- **Work instruction**
Your copy should hold exactly the lines from the beginning of the listing below through the line with "美元最后一波下挫的起步点是在", without any pictures.
____
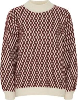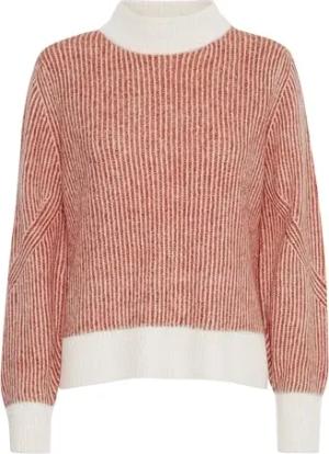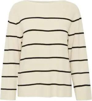 IHBOSTON Damen Strickpullover Feinstrick Pullover Pulli mit Rundhals Streifenmuster Loose fit, Größe:L, Farbe:Almond Milk Black Stripe (203332)
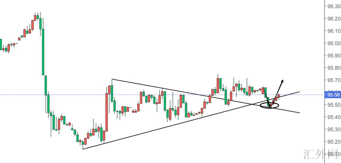 美元最后一波下挫的起步点是在96.3,同期也是欧中央银行利率会议所致使的下挫,我早就在文章和直播当中称过,这是个预计下挫,并不是定价下挫,那美元想要看多的第一计划肯定要设在这个位置,就算美元小时线在平盘,可两段交叉震荡后面,今天95.4就是看回弹的最好机会,刚好它亦在下午给到了,这就赶得很巧。
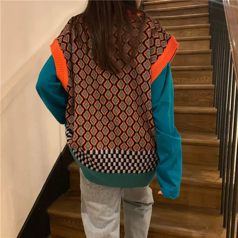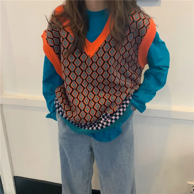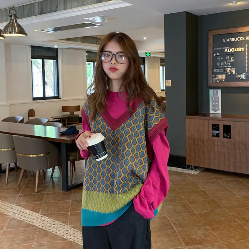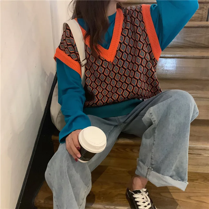 Женская свободная футболка-оверсайз, вязаный жилет, свитер, повседневные блузки, комплект из 2 предметов, весна-осень, NS117
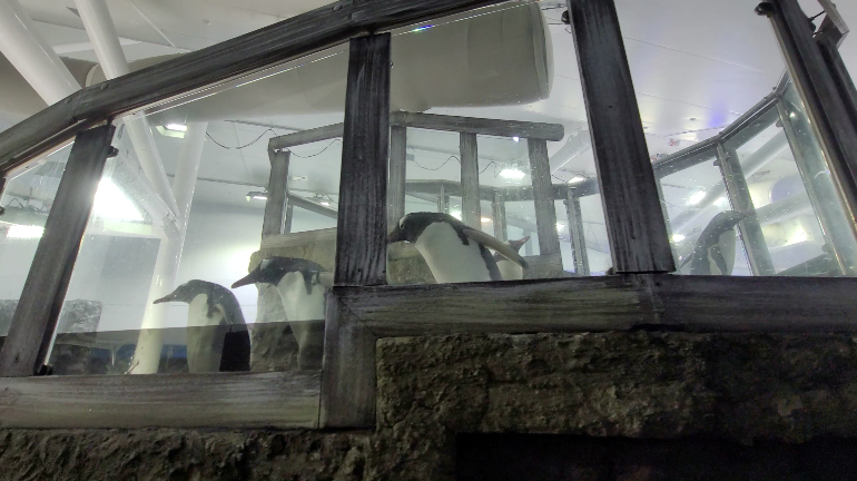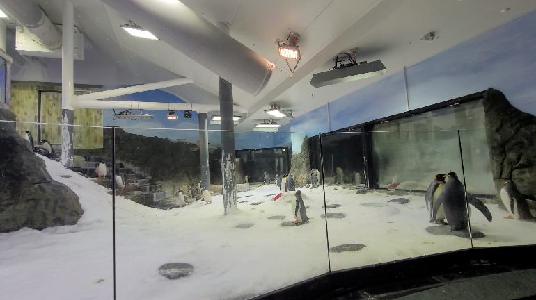 이러한 펭귄의 생활 환경을 고려하여 펭귄 구역은 다른 구역보다 온도가 낮습니다.
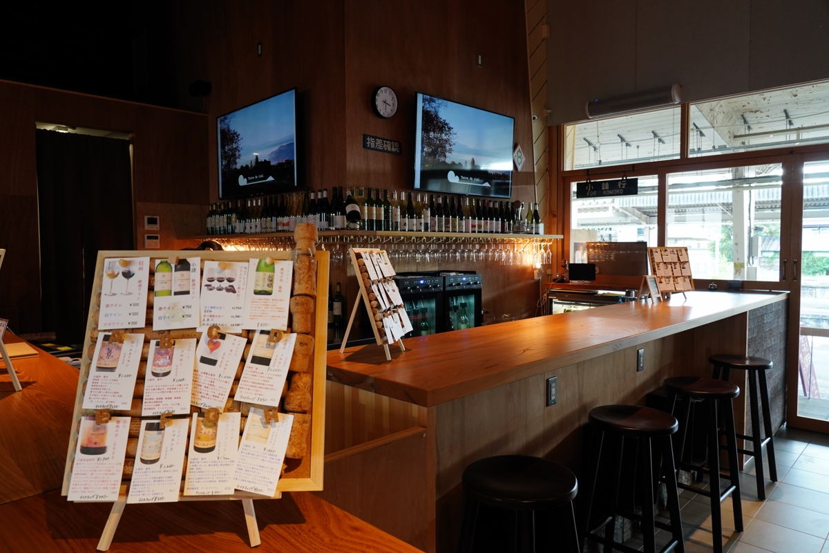 2023年6月に開業したワインバーです。小諸駅舎内にあり、ホームからも入店することが出来、列車待ちでも気軽に立ち寄ることが出来ます。小諸市内にあるワイナリーのワインが揃えてあり、グラスでも十数種類飲むことが出来ます。ワインに合う料理もあり、ワインと一緒に楽しめます。
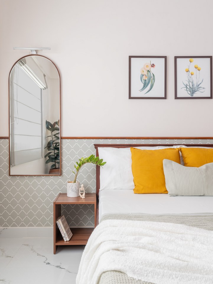 The parents’ bedroom exudes serenity and calm. The bed wall features teak wood beading, elegantly dividing the space. The lower half showcases sage green wallpaper, while the upper half is finished with soft, coordinating paint. A curved mirror hangs thoughtfully above a movable side table from Ikea, adding both style and function.
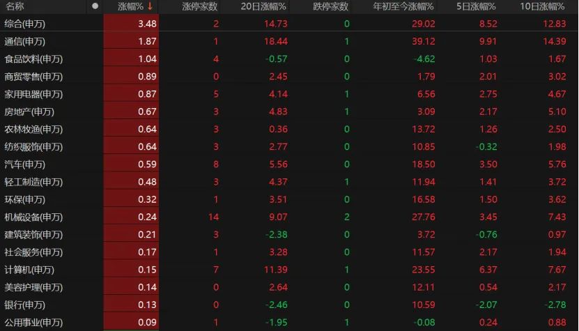 受访人士表示,A股此次窄幅震荡主要属于技术性调整范畴。从资金流向来看,呈现出高低切换特征,部分资金开始从高位板块撤离,转而布局消费等相对滞涨的板块。短期来看,市场整体仍维持震荡上行的态势。 2984只个股收涨 今日,沪指收跌0.02%报3727.29点,创业板指收跌0.17%报2601.74点,深证成指收跌0.12%。科创50、上证50跌约1%,沪深300微跌,北证50收涨1.27%。 市场交投氛围相对活跃,日成交额由昨日的2.81万亿元降至2.64万亿元。个股方面,涨跌互现,其中2984只个股收涨,涨停股104只;2255只个股收跌,跌停股10只。截至8月18日,两融余额增至2.1万亿元。 31个申万一级行业板块中,有18个飘红。综合板块继续走高,今日以3.48%的涨幅领先全场,悦达投资、南京新百涨停,该板块年内涨幅约为29%;通信板块今日涨近2%,剑桥科技涨停;食品饮料、商贸零售、家用电器板块表现突出,李子园、酒鬼酒、桂发祥涨停,同洲电子、春光科技、富佳股份、海立股份、四川长虹涨停;房地产、农林牧渔、纺织服饰板块也收涨,申联生物20cm涨停,梦洁股份、红豆股份涨停。天润工业、全柴动力、腾龙股份、动力新科、南方精工、拓普集团、明新旭腾、天汽模8只汽车股涨停。
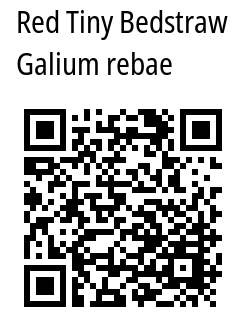 Red Tiny Bedstraw is a spreading to prostrate perennial herb, with stems 13-40 cm or more, weak, hairless, unarmed; internodes 0.7-3.2 cm. Flowers are reddish purple or crimson, 1.95-3.2 mm across, petals ovate, 0.8-1.5 x 0.5-0.9 mm, the point at tip very short or absent. Anthers are pale yellow or yellowish orange. Style united for about 0.3 mm, bifid at tip. Flowers are borne in leaf-axils, in 2-4 flowered cymes; flower-cluster-stalks shorter to longer than the subtending leaf; flower-stalks 0.1-3.2 mm, unequal. Leaves are arranged in whorls of 6, stalkless, narrowly lanceshaped, linear lanceshaped or uppermost narrowly ovate inverted-lanceshaped; those of main branches 5.2-10.2 x 0.6-1.4 mm, 5.9-10 x as long as broad; tip pointed, terminating in a short awn; surfaces hairless, venation penniverved. Mericarps (immature) are about 0.7 x 0.5 mm, blackish, finely verruculose, without hooks. Red Tiny Bedstraw is found from Himalayas to S. Central China, at altitudes of 2000-4000 m.
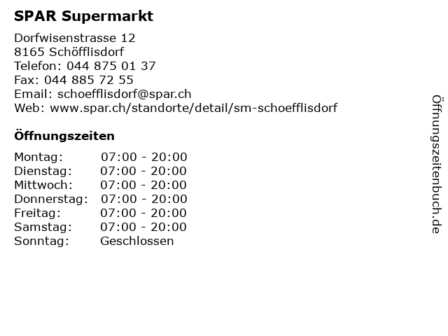 | Telefonnummer SPAR Supermarkt in Schöfflisdorf (044 875 01 37) anrufen | |
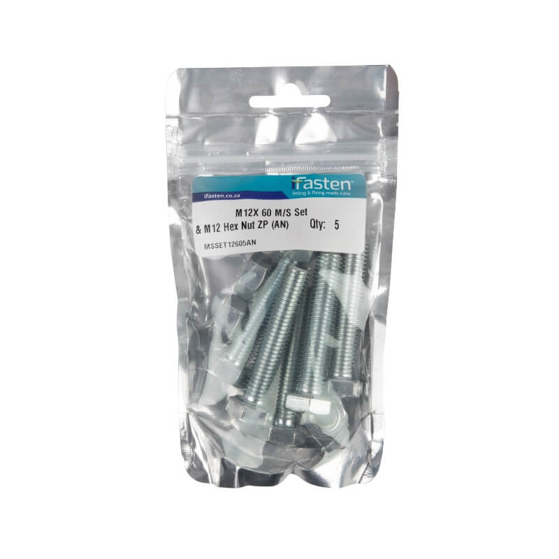 BOLT 60MM & NUT 12MM MILD STEEL ZINC PLATED Q:5 IFASTEN
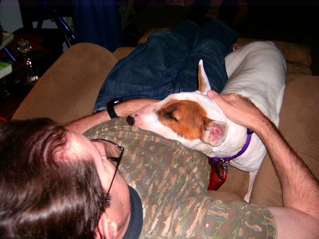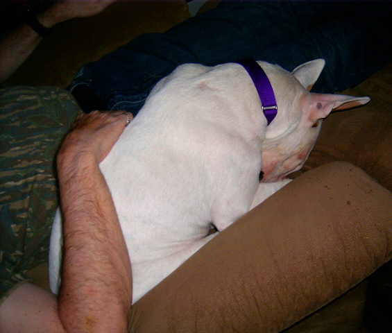 Today has been a day of cuddles and hucklebutts. Gemmie made the time to snuggle with both of us. The Curmudgeon all day and me after he went to bed. She’s a cutie.
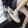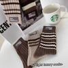 Meias marrons meias femininas de comprimento médio da panturrilha na moda all-match de alta aparência Mori outono e inverno estilo japonês grosso listrado meias
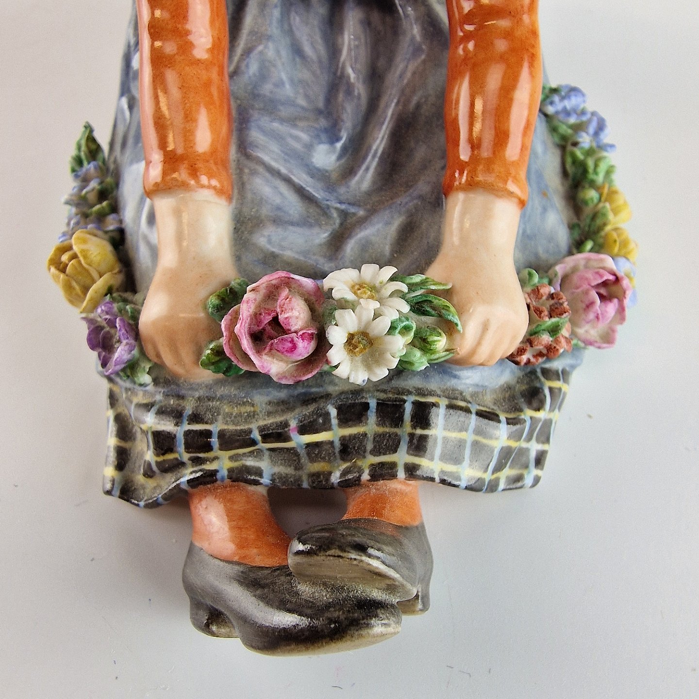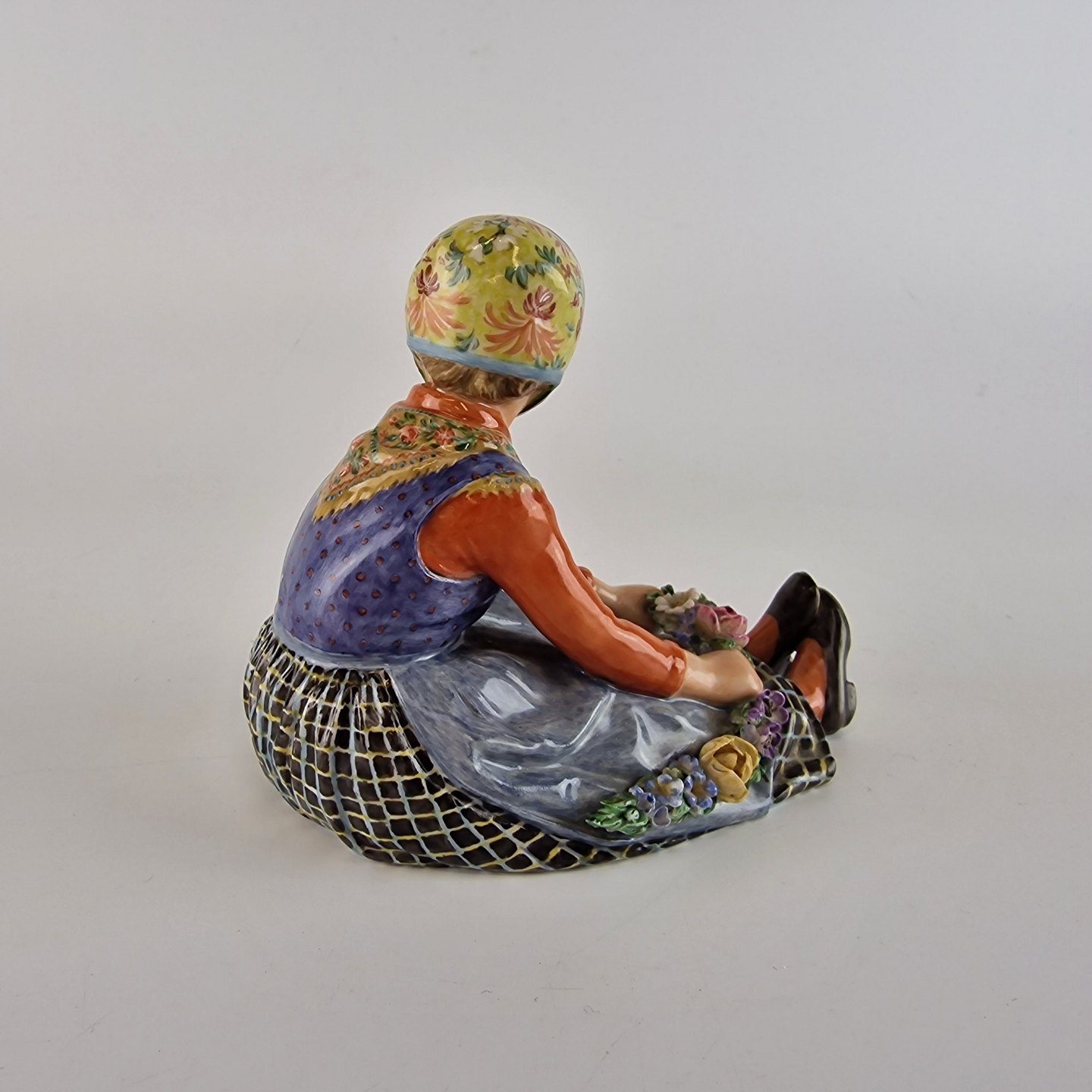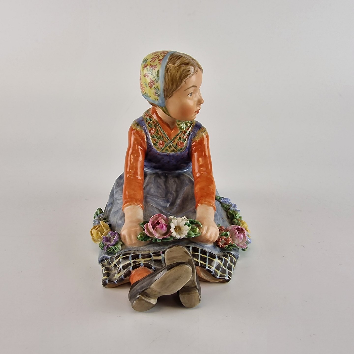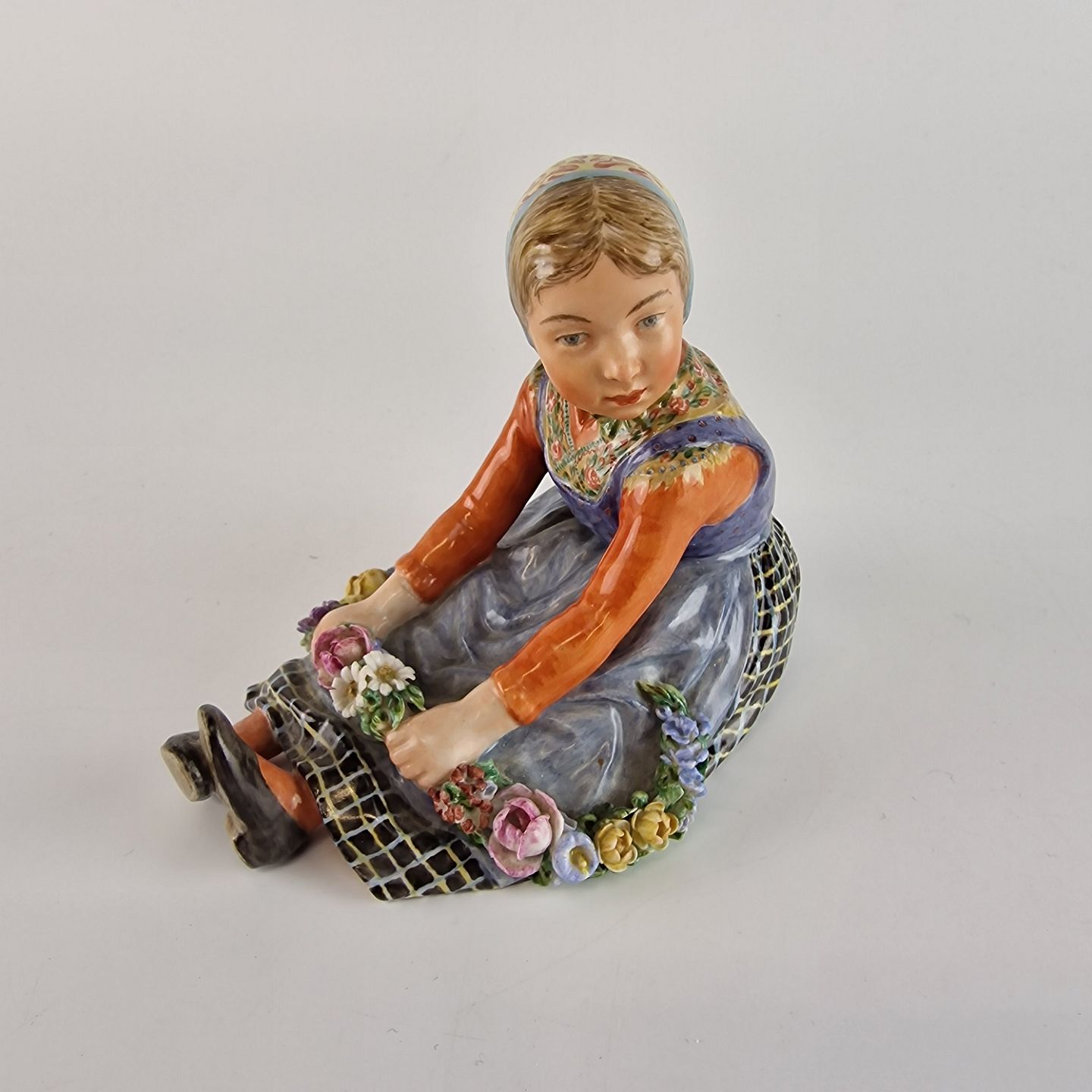 Kongelig håndmalet porcelænsfigur af en pige med blomsterkrans. Nr 12421
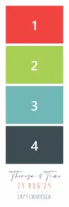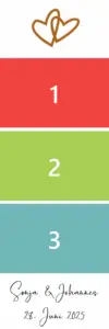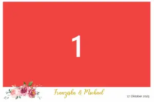 Ihr könnt Euren Gästen ein oder mehrere Designs zur Auswahl und zum Ausdruck anbieten. Wir passen es auch gerne z.B. an Eure Hochzeitseinladung an.
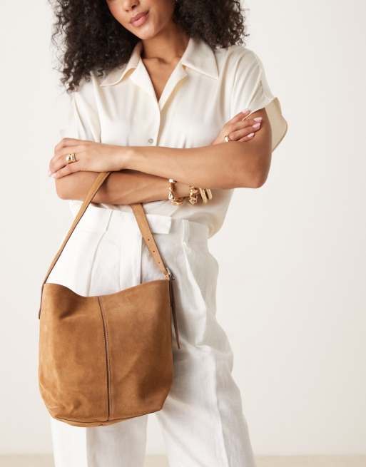 Mango - Sac porté épaule en daim à bandoulière réglable - Toffee
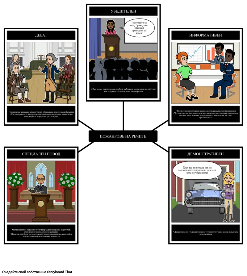 • Има за цел да вдъхнови или убеди публиката да предприеме действие или да приеме гледната точка на говорещия
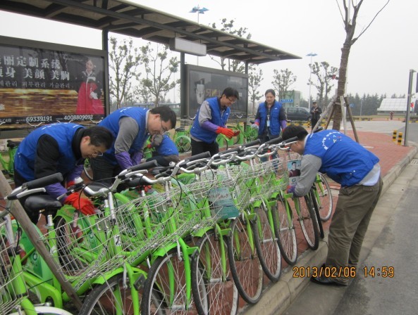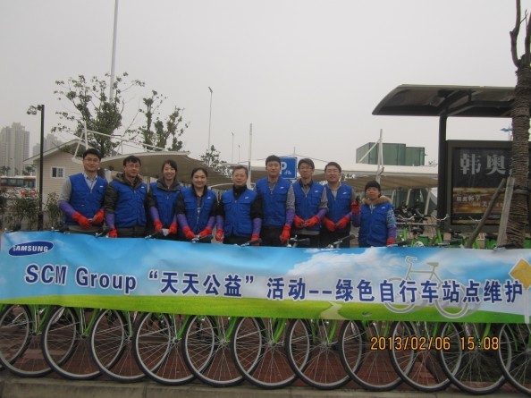 在活動現(xiàn)場有些自行車需要調(diào)整零件的,懂自行車維護的同志就自告奮勇的站出來擔(dān)當(dāng)這個任務(wù),有些自行車需要清潔工作的,就拿起抹布認真仔細地擦試,不一會兒工夫一個又一個站點在他們熟練的動作中形成一道道美麗的風(fēng)景線。三星顯示器有限公司率先從自身做起,將環(huán)保理念深入員工帶動市民,以實際行動支持環(huán)保事業(yè)。
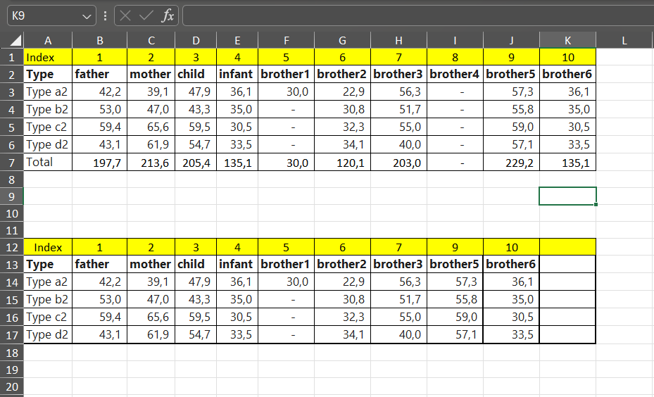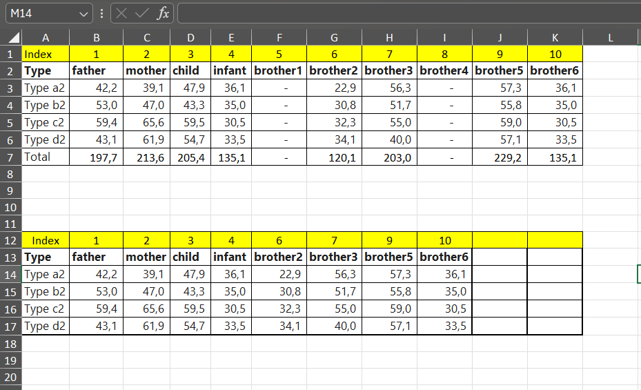 The problem here (if I understand it correctly!) is that the series of the chart are the family members, so the number of series varies. In the example, the series for brother1 and brother4 should be removed.
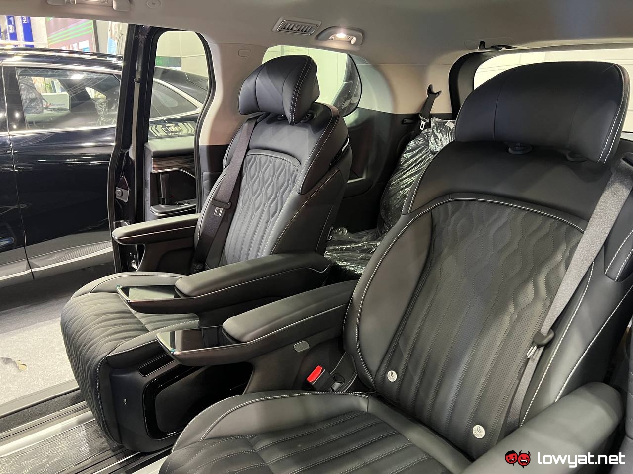 Inside, the Forthing V9 showcases a full-width display layout that appears to integrate three individual screens. Its flat-bottomed multifunction steering wheel is similar to the one found in the Friday SUV. As expected in this segment, the second-row captain’s chairs are the highlight, each offering powered adjustment, touchscreen controls, and an individual tray table for added comfort and convenience.
____
- **Task result**
 IHBOSTON Damen Strickpullover Feinstrick Pullover Pulli mit Rundhals Streifenmuster Loose fit, Größe:L, Farbe:Almond Milk Black Stripe (203332)
 美元最后一波下挫的起步点是在96.3,同期也是欧中央银行利率会议所致使的下挫,我早就在文章和直播当中称过,这是个预计下挫,并不是定价下挫,那美元想要看多的第一计划肯定要设在这个位置,就算美元小时线在平盘,可两段交叉震荡后面,今天95.4就是看回弹的最好机会,刚好它亦在下午给到了,这就赶得很巧。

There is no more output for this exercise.